Der 990er chipsatz ist für einen 8350 sogar wesentlich ratsamer als der 970er das liegt hauptsächlich daran das Boards mit diesem meist bessere Spawa Kühlung bieten. Welche Probleme resultieren können wenn diese nicht gegeben ist hast du ja schon selbst feststellen können.

Ich würde eher dieses hier empfehlen:
ASUS M5A99X Evo R2.0 (90-MIBJI0-G0EAY0VZ) Preisvergleich | Geizhals Deutschland


----------



## zbool (10. April 2015)

*AW: Welches Mainboard für meinen FX-8350 ?*



Soulsnap schrieb:


> Der 990er chipsatz ist für einen 8350 sogar wesentlich ratsamer als der 970er das liegt hauptsächlich daran das Boards mit diesem meist bessere Spawa Kühlung bieten. Welche Probleme resultieren können wenn diese nicht gegeben ist hast du ja schon selbst feststellen können.
> 
> Ich würde eher dieses hier empfehlen:
> ASUS M5A99X Evo R2.0 (90-MIBJI0-G0EAY0VZ) Preisvergleich | Geizhals Deutschland



Ok - danke für die Info.

Und warum genau dieses Board? Sind meine ausgewählten nicht so gut? Würde halt gerne paar Vor- und Nachteile erfahren, bevor ich etwas kaufe


----------



## Soulsnap (10. April 2015)

*AW: Welches Mainboard für meinen FX-8350 ?*

Das ASrock ist einfach ein wenig teuer mit seinen 160€, das Asus bietet die weit bessere Spawa Kühlung gegenüber dem Gigabyte und bietet meiner Meinung nach den gesunden Mittelweg ^^


----------



## alexissss (10. April 2015)

*AW: Welches Mainboard für meinen FX-8350 ?*

mein favorit
Gigabyte GA-990FXA-UD3 Preisvergleich | Geizhals Deutschland

oder wenn es günstig sein soll ohne fx9000er support
Gigabyte GA-970A-UD3P Preisvergleich | Geizhals Deutschland


----------



## zbool (10. April 2015)

*AW: Welches Mainboard für meinen FX-8350 ?*

Hab mir grad durch nen Gutschein das ASRock für 138€ geholt  .... Ist das Board gut?
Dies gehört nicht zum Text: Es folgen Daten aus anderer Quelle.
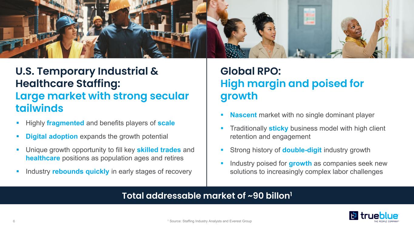 5 Solving workforce challenges Companies turn to human capital experts with innovative workforce solutions to solve growing talent challenges A robust value proposition with high-touch, specialized, digitally enabled solutions for staffing and recruitment process outsourcing. Workforce Complexity Many factors, including globalization and the “gig” economy are changing the world of work requiring a disciplined approach to hiring. Artificial Intelligence Companies are seeking ways to become more nimble and efficient Deploying AI to source human capital will be a competitive differentiator. Digital Engagement The worker supply chain is becoming increasingly decentralized. TrueBlue’s digital strategy connects people anywhere at any time.

Das sind irgendwie nur 10-20€ mehr als die von euch angegebenen, da dachte ich mir, schlage ich zu. 

P.s. Falls das Board kacke ist, habe ich ja noch 2 Optionen, wie von euch vorgeschlagen


----------



## der pc-nutzer (10. April 2015)

*AW: Welches Mainboard für meinen FX-8350 ?*

Das ASRock ist gut, aber das 970A-UD3P hätte auch gereicht


----------